You can see a note on Emma Castelnuovo at THIS LINK

**Emma Castelnuovo** was born in Rome on 12 December 1913 and died in Rome on 13 April 2014. She grew up in an exceptional mathematical environment. It is well known that in the first half of the twentieth century an important field of mathematical research - algebraic geometry - was flourishing in Italy. Emma's father Guido Castelnuovo and her uncle Federigo Enriques, the brother of her mother Elbina, were prominent researchers in this field, both full professors in university. They were also very committed to mathematical education. In 1908 Guido was the chairman of the fourth International Congress of Mathematicians in Rome, when the Commission's direct parent of ICMI was founded and later on in 1912-1920 and 1928-1932 he served the Commission as a vice-president. In the years 1911 to 1914 he was president of the Italian association of mathematics teachers *Mathesis* and editor of *Bollettino della Mathesis*, the official journal of the association. Enriques was awarded honorary membership of ICMI during the tenth International Congress of Mathematicians in Oslo (1936) for his special activity in mathematics education. He was president of the Italian association of mathematics teachers *Mathesis* from 1919 until 1932, editor of *Bollettino della Mathesis* in 1919-1920 and later on of *Periodico di Matematiche*, the important journal which became the official organ of *Mathesis* in 1921. Both these mathematicians published articles in the journals addressed to mathematics teachers and participated in the discussion about Italian mathematics programmes. As we will see in the following, they were both influential in shaping Emma's view of mathematics teaching, see [24]. This rich mathematical milieu fostered contact with other important Italian mathematicians of the period as well as visiting researchers from abroad.
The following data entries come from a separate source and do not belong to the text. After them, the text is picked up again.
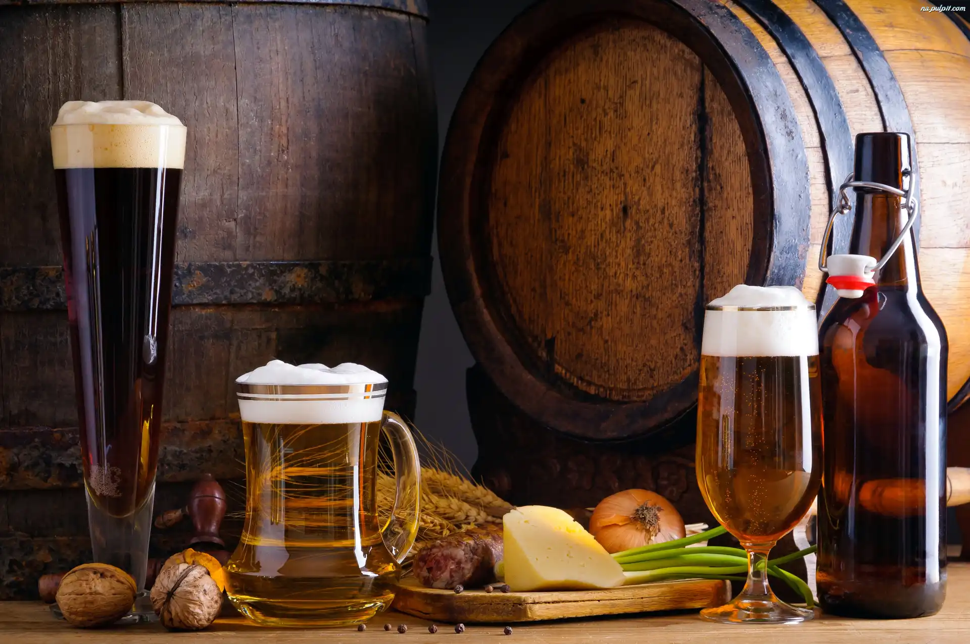 Beczka, Szklanki, Kufel, Piwo, Butelka
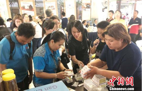 ▲圖為由中國知名中成藥企業(yè)主辦的一場(chǎng)活動(dòng)中,印尼民眾爭相購買(mǎi)太極藿香正汽口服液。鐘欣 攝
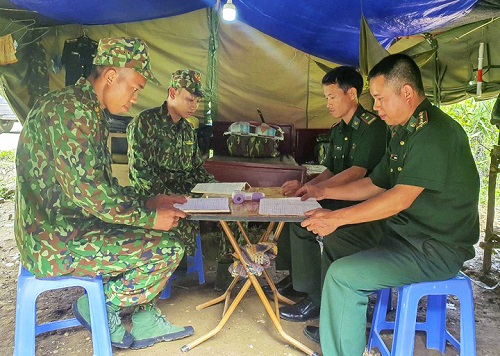 Chi đoàn Đồn Biên phòng Mường Pồn tổ chức học tập chính trị tại chốt kiểm soát,
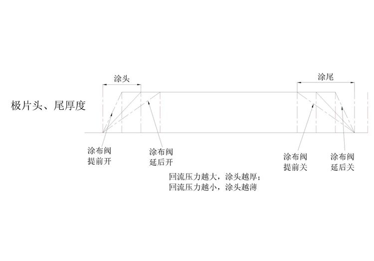 上圖情況是因為腔體壓力和回流壓力壓差太大,跳間隙料回流多了導致腔體壓力小,再啟涂時涂頭就薄了,解決方法:①關小些回流閥門讓涂布時腔體壓力與回流瞬間腔體壓力相持平或小于0.2就能保證頭部面密度與中間面密度一致的。
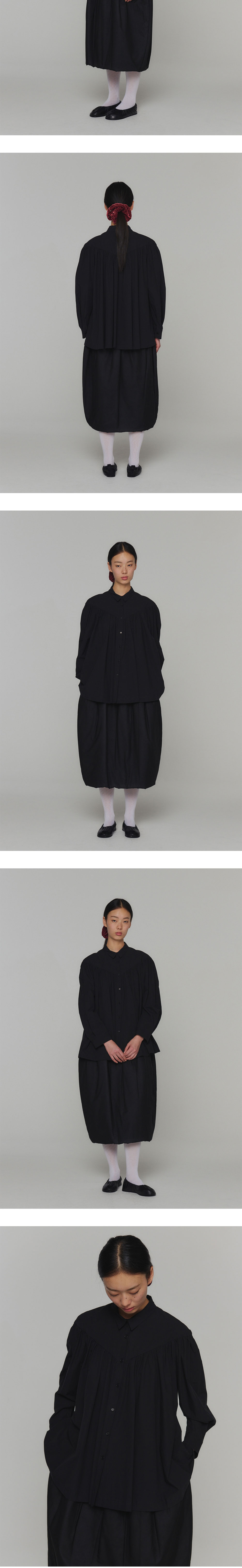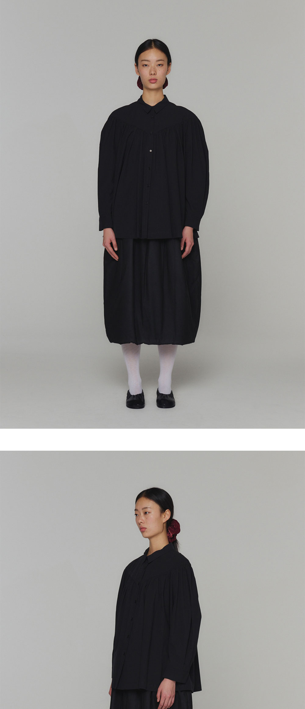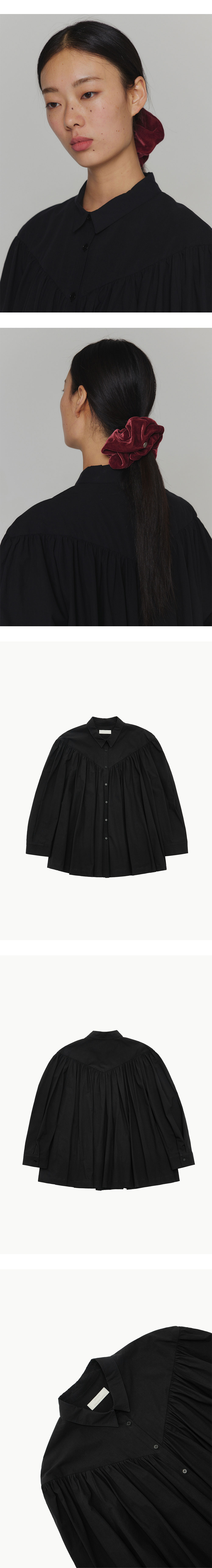 V 라인의 요크 절개 아래 풍성한 셔링이 돋보이는 아모멘토의 요크 셔링 셔츠입니다. - 시어 코튼 소재 - 두 개의 턱 디테일로 볼륨감 있는 소매
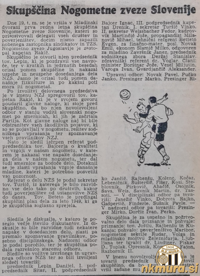 Dne 19. marca 1949 je v Ljubljani potekala redna letna skupščina Nogometne zveze Slovenije. Na skupščini so podelili tudi priznanja in pohvale za uspešno in požrtvovalno delo na nogometnem področju. Priznanje je prejel Vladimir Kukanja, nekdanji igralec, član upravnega odbora NZS in nogometni sodnik.
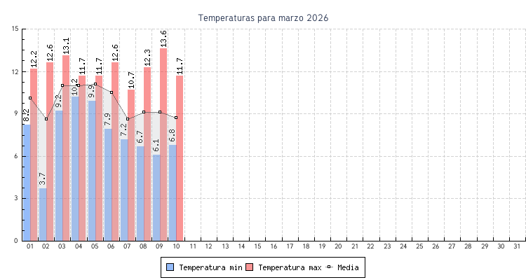 | 01 | 8.2 C a las 00:00 | 12.2 C a las 15:40 | 10.1 C | 3.2 km/h (22.5 km/h) | E |
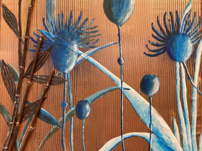 Bloemen; 40 x 50 cm, acryl op textiel
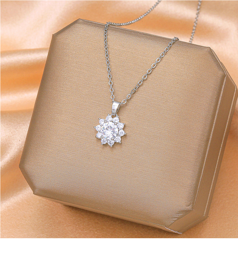 韓国版の気質はジルコンを象眼して精緻なチタン鋼のネックレスの女性のファッションは百合のネットの赤い鎖の鎖の小さい大衆の軽豪華な装飾品です。
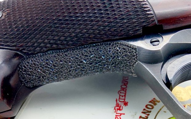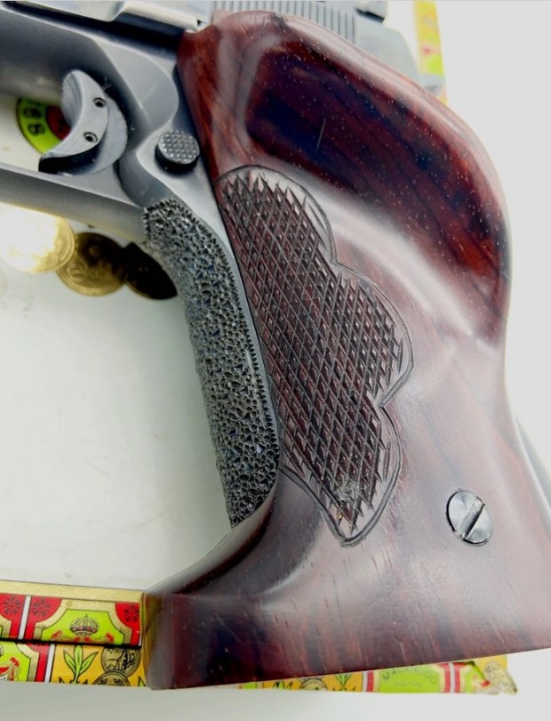 The base pistol is a 1948-vintage Colt Government Model. It wears a Micro adjustable rear sight and Lew Sanderson target stocks.
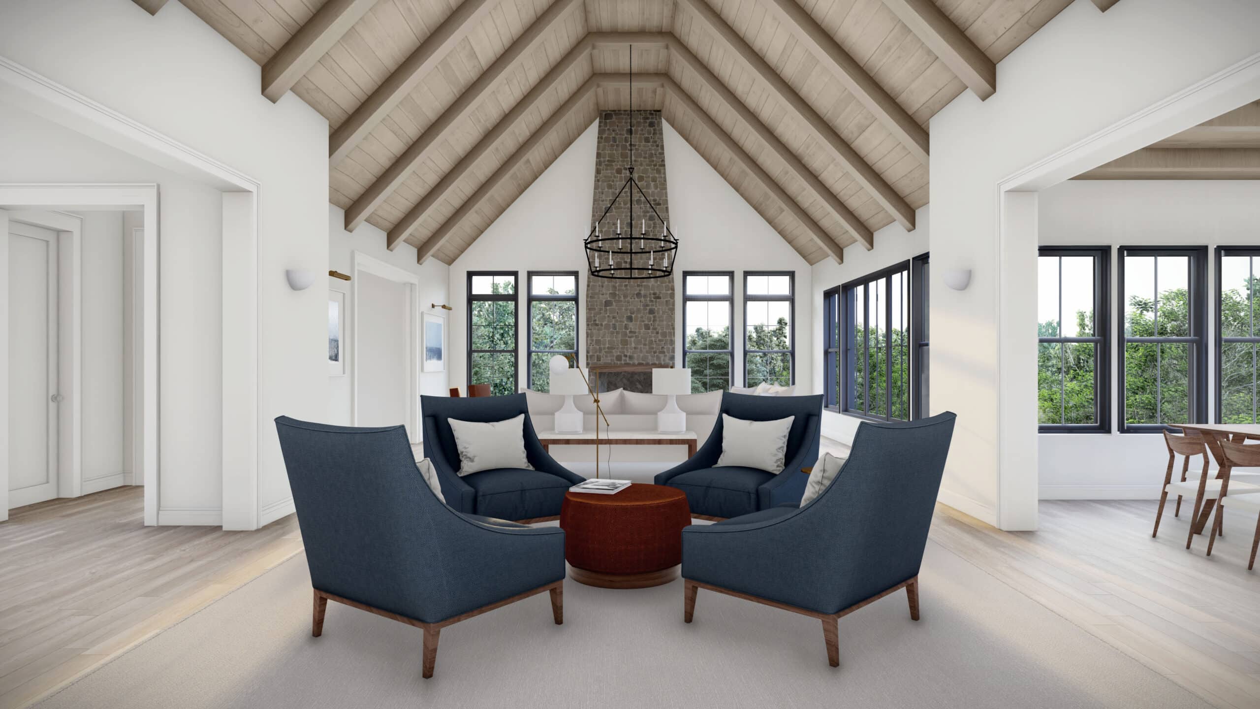 In 2018, a family of five purchased a 7-acre wooded lot on the outskirts of Des Moines with a dream to build a home-base for extended family. Enamored by the sunsets over the pond, the variety of flora, and the abundance of wildlife, they became certain that they wanted to preserve much of the lot for hiking trails and animal habitat, and to create a home that took advantage of the existing topography and views.

Emma graduated in mathematics at the University of Rome in 1936. She won the competition for a permanent position in state schools in 1938, but because of the racial laws of 1938 which had forbidden Jewish persons to have a position in state schools, her career as a secondary teacher began in 1945 in a middle school of Rome (pupils' age 11 to 14), where she remained until her retirement in 1979. During the Second World War she taught in the Jewish school of Rome to Jewish students, who were not accepted in state schools because of the racial laws. Just after the Second World War, Emma with a university professor and a young colleague organized a successful series of talks held by mathematicians, physicists, philosophers, and educators. Many teachers attended these talks. This initiative was a good sign for the re-birth of the Italian school and culture after the War.

Already at the beginning of her career Emma was looking for a way of teaching aimed at actively involving students. As she explains in the articles [12] and [13] that she found the answer to this wish in the treatise of geometry *Élements de géometrie* Ⓣ by Alexis-Claude Clairaut, published in Paris in 1741 and translated into Italian in 1751.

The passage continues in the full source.